--- What you need to do ---
Repeat every entry exactly. Do not include the pictures.

Dataset items:
........

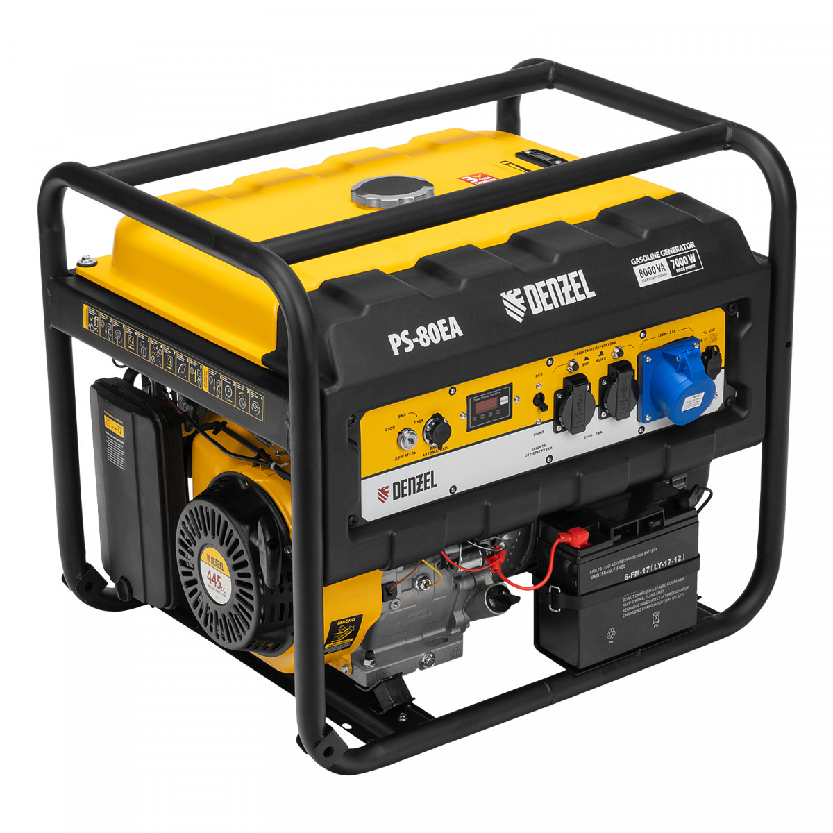 Генератор бензиновый PS 80 EA, 8.0 кВт, 230 В, 25 л, коннектор автоматики, электростартер Denzel
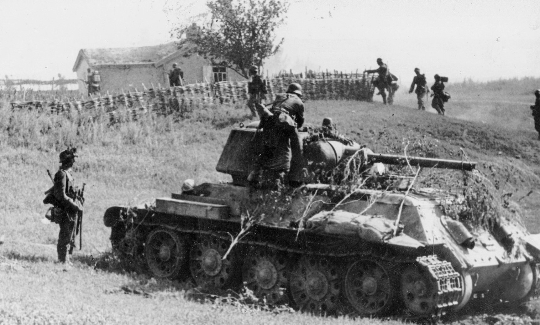 Немецкие солдаты осматривают советский танк Т-34, брошенный на окраине советского села.
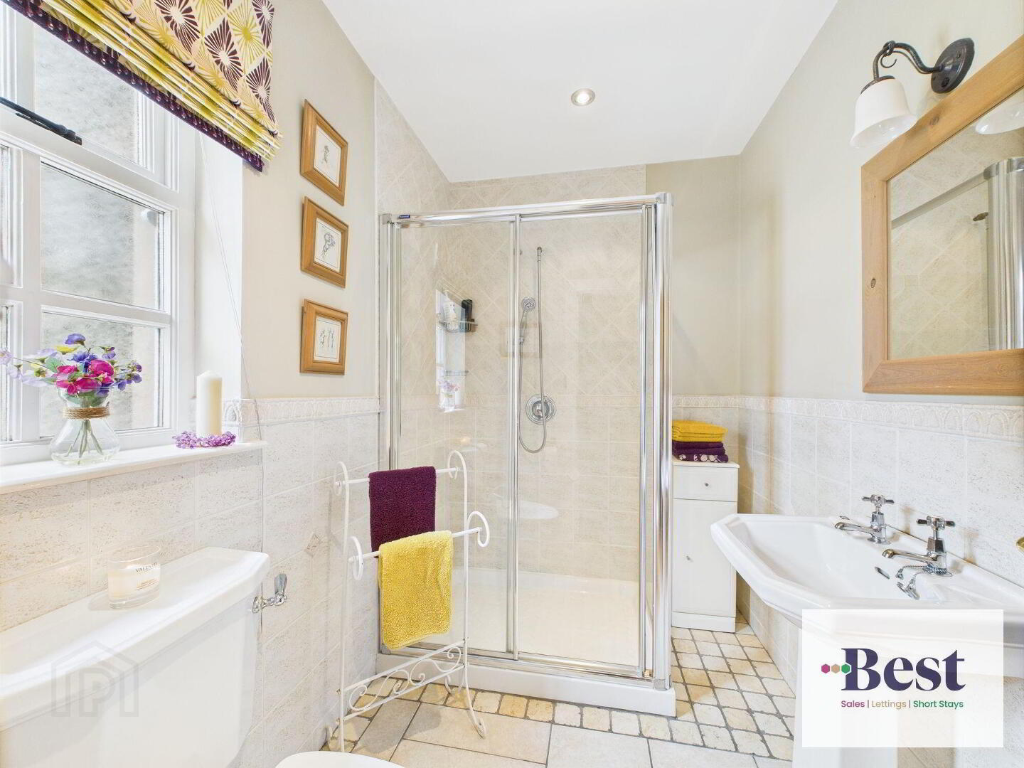Ground floor shower room with white suite comprising low flush WC, pedestal wash and basin and shower cubicle (1200 x 900) with glass doors and Aqualisa Power Shower. Low voltage spot lights. Jerusalem stone tiled floor.
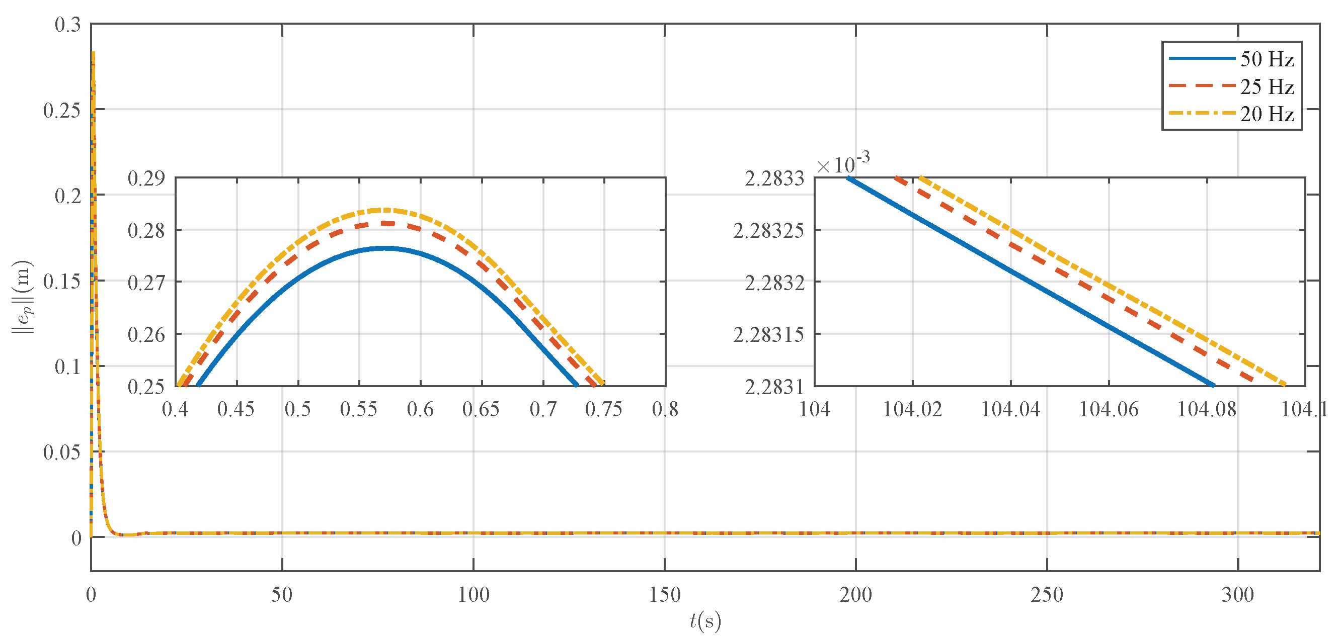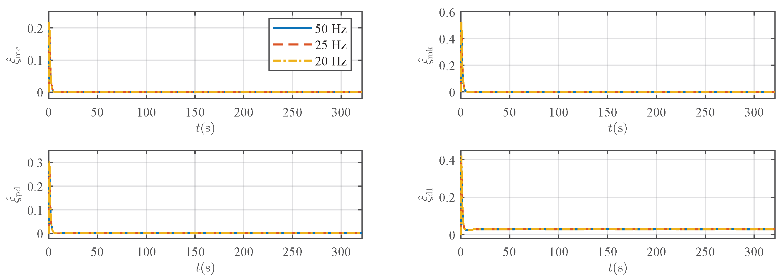 Table 4 indicate that the trajectory tracking error gradually increases as the sampling frequency is reduced. This observation is corroborated by the deviation in the adaptive parameter trajectories under discretization when compared to the continuous-time benchmark (
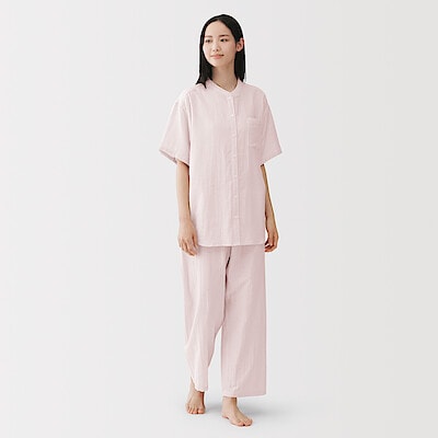 「脇に縫い目のない 薄手ガーゼ五分袖パジャマ」
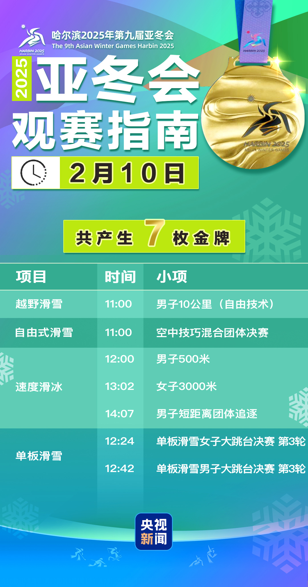 △來源:哈爾濱2025年第九屆亞冬會官網,截至2月9日20時。具體比賽時間以實際為準。
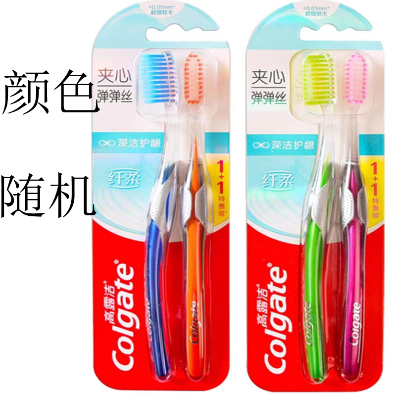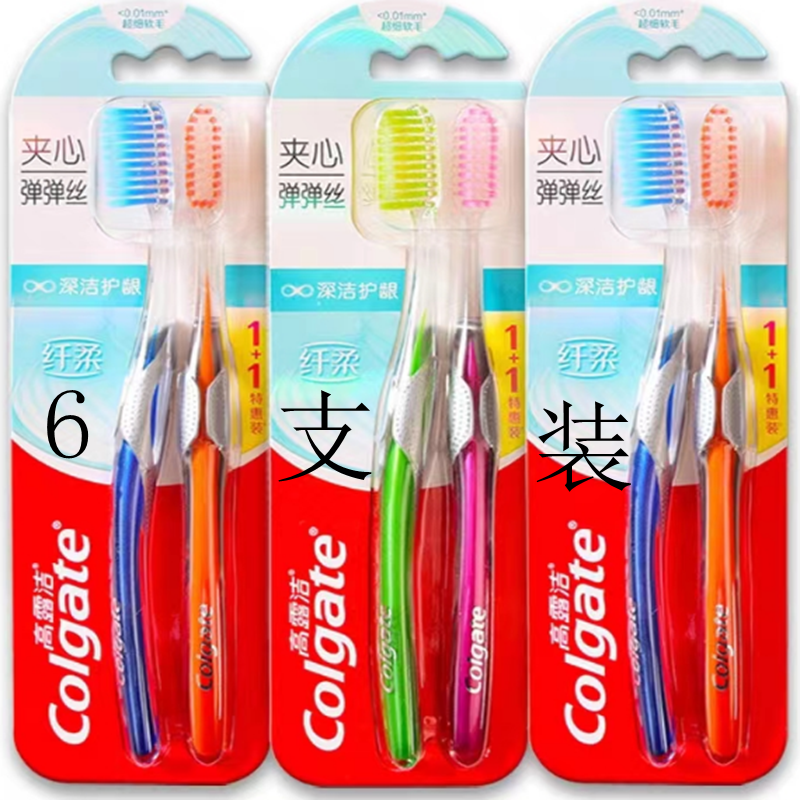 高露洁纤柔双核深洁牙刷成人夹心弹弹丝深层护龈软毛家庭4支装

........

--- Written answer ---
 Генератор бензиновый PS 80 EA, 8.0 кВт, 230 В, 25 л, коннектор автоматики, электростартер Denzel
 Немецкие солдаты осматривают советский танк Т-34, брошенный на окраине советского села.
Ground floor shower room with white suite comprising low flush WC, pedestal wash and basin and shower cubicle (1200 x 900) with glass doors and Aqualisa Power Shower. Low voltage spot lights. Jerusalem stone tiled floor.
 Table 4 indicate that the trajectory tracking error gradually increases as the sampling frequency is reduced. This observation is corroborated by the deviation in the adaptive parameter trajectories under discretization when compared to the continuous-time benchmark (
 「脇に縫い目のない 薄手ガーゼ五分袖パジャマ」
 △來源:哈爾濱2025年第九屆亞冬會官網,截至2月9日20時。具體比賽時間以實際為準。
 高露洁纤柔双核深洁牙刷成人夹心弹弹丝深层护龈软毛家庭4支装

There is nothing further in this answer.